Learning for Physical Interaction - From Pixels to Machines that See, Reason and Act - Day 4 Afternoon

Learn about the intersection of artificial intelligence and physical interaction in this comprehensive lecture from JSALT 2025. Explore how large-scale neural networks have revolutionized natural language processing and computer vision, yet face unique challenges when applied to physical environments where data collection is constrained by real-world limitations. Discover recent advances in visually guided robotic manipulation, where traditional Internet-scale datasets and transformer architectures must adapt to the slower pace of physical robot data collection. Examine cutting-edge research addressing the fundamental problem of enabling machines to see, reason, and act in physical spaces, moving beyond pixels to practical robotic applications. Gain insights into self-supervised learning techniques, supercomputer infrastructures, and neural architectures specifically designed for physical interaction tasks.
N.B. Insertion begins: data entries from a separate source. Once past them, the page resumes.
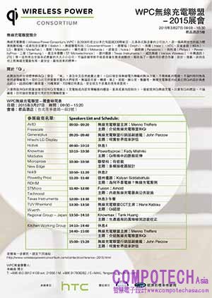 2015年3月25日--制定全球最普及之無線充電標準Qi的無線充電聯盟(WPC)即將與HTC在台北邀請台灣與國際頂尖科技公司共同參與Qi全球高峰論壇,與會者包含元件供應商、系統製造商、消費者品牌、認證實驗室和基礎建設夥伴,進行為期一周的會員會議,並於本週五展出國際與台灣會員的最新科技與應用。
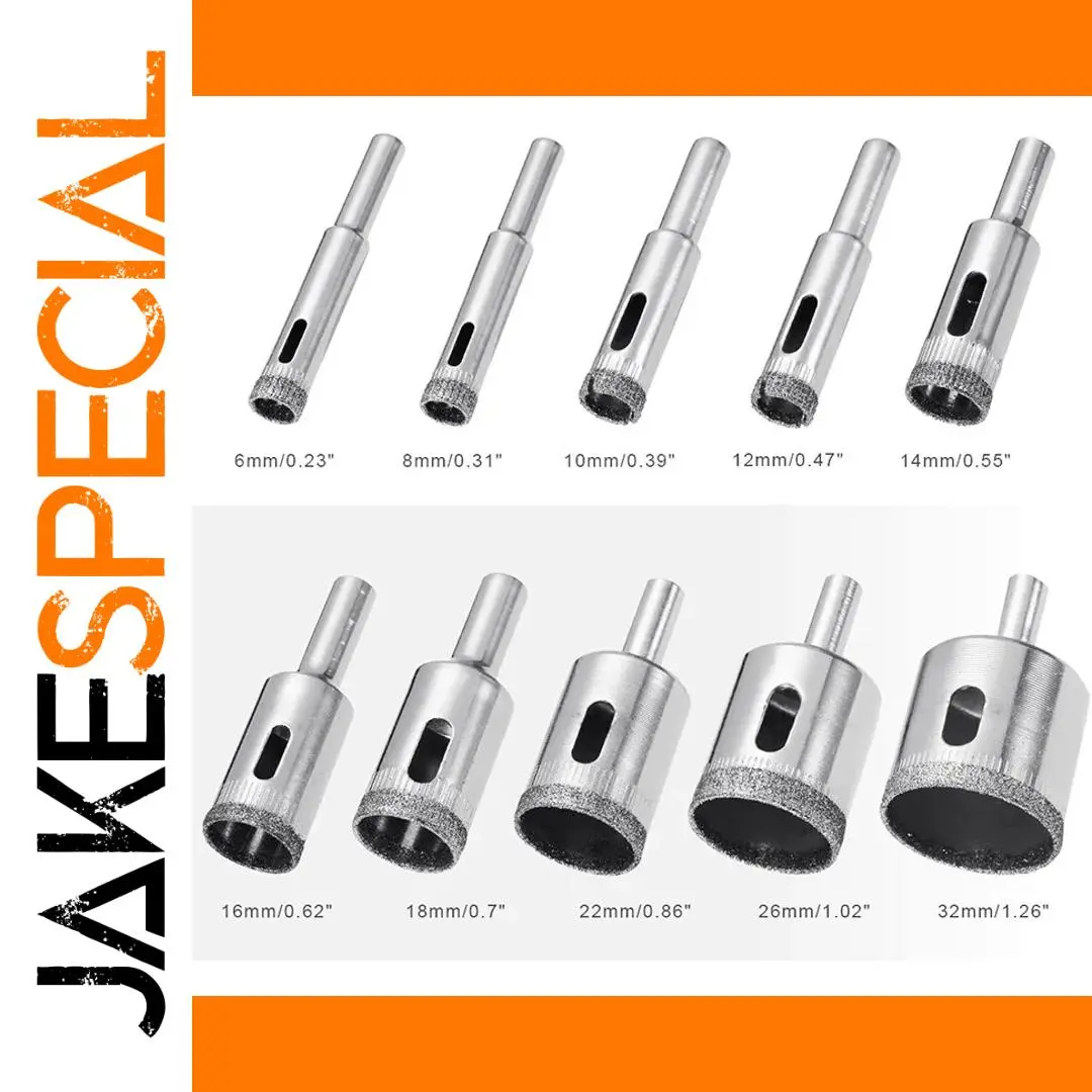 Enhance your DIY projects with this set of 10 diamond-coated HSS drill bits, featuring diameters from 6mm (0.23″) to 32mm (1.26″). Designed for use with power tools, these robust core drill bits excel at drilling through tiles, marble, glass, and ceramics, providing durable, precise cutting performance. The sleek silver finish combined with textured, diamond-coated cutting tips ensures efficiency and reliability in various applications, from woodworking to household repairs. Whether tackling small or large drilling tasks, this versatile set is your ideal companion for professional results and a seamless drilling experience.
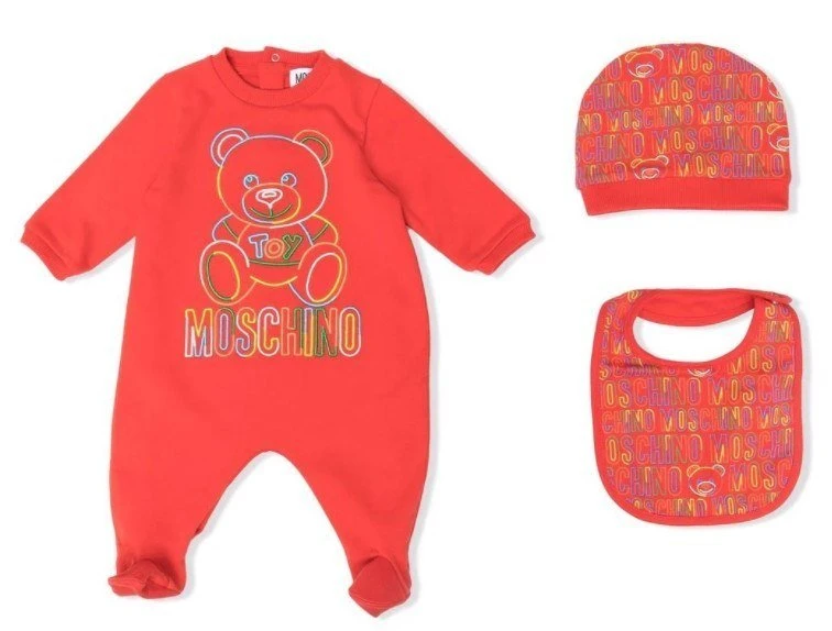 Set tutina Moschino in cotone con bavetta e cappello orsetto ricamato multicolor
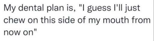 Dental insurance: “Hahahaha! Fuck you! The maximum we’ll pay for your care in a year is $XXX! Also, we don’t cover anything other than cleanings!”

Access explanations of key computer vision and robotics concepts made accessible for students with machine learning and speech/language backgrounds but limited expertise in these specialized fields. Benefit from the expertise of Josef Sivic, a distinguished researcher from the Czech Institute of Informatics, Robotics and Cybernetics who leads the Intelligent Machine Perception team and ELLIS Unit Prague, bringing over a decade of experience from Inria Paris and recognition including ERC grants and test-of-time awards at major computer vision conferences.